Dans l’après-midi, Aldo se rendit boulevard Haussmann dans les bureaux de Maître Lair-Dubreuil qui régnait alors sur le petit monde des commissaires-priseurs et se révélait incontournable dès qu’il s’agissait de joyaux historiques. Il le connaissait de longue date et c’était un réel plaisir pour le prince-expert de le rencontrer, même si leur dernière collaboration avait tourné à l’histoire de fous(12).
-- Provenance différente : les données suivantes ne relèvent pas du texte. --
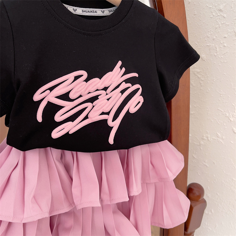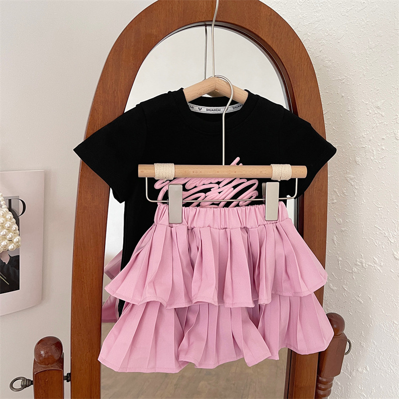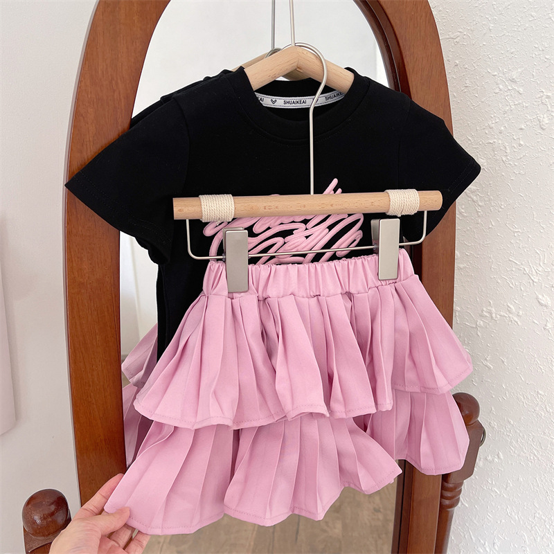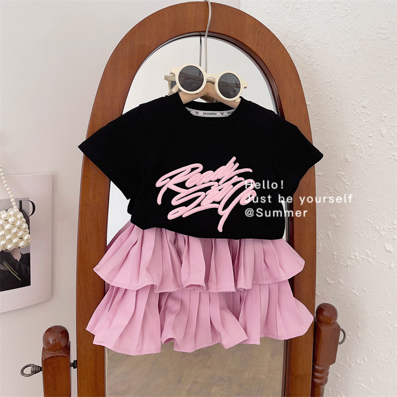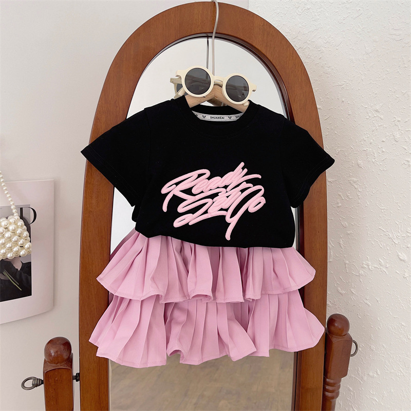 한국 아동복 2024 여름 소녀의 세련된 편지 프린트 티셔츠 달콤한 핑크 주름 짧은 치마 어린이 세트

Il n’en reçut pas moins un accueil chaleureux.
— Avez-vous encore déniché quelque bijou-catastrophe, cher ami ? lui dit cet homme paisible et volontiers renfermé, mais capable de s’enflammer dès qu’un diamant plus ou moins célèbre montrait le bout de son nez.
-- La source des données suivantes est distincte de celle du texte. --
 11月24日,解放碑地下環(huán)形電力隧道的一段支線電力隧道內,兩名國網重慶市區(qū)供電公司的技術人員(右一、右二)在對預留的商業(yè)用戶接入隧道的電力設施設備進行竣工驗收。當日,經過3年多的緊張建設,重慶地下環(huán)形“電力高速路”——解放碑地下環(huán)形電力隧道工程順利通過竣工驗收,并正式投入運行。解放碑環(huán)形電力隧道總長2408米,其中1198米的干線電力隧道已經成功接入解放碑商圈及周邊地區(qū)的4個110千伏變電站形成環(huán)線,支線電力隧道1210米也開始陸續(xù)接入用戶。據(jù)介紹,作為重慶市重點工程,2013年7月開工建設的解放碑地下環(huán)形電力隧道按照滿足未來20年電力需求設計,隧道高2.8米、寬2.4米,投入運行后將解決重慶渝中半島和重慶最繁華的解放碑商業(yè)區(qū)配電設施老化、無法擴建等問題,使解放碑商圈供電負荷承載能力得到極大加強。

— Non, rassurez-vous ! Je voudrais seulement que vous me parliez de la succession de l’impératrice Charlotte du Mexique, décédée il y a un peu plus de trois ans. Vous me direz que vous n’êtes pas belge, mais elle possédait un véritable trésor en bijoux, dont certains remarquables, et je suis persuadé que vous vous y êtes intéressé d’une façon ou d’une autre.
— En effet, mais vous-même ?
— Je n’étais pas chez moi et pas davantage en France à cette époque et c’est mon fondé de pouvoir, M. Guy Buteau, qui y a porté son attention, mais ce qu’il a pu m’en dire, à mon retour, c’est qu’il n’y a pas eu de vente.
— Avez-vous consulté mes confrères bruxellois ?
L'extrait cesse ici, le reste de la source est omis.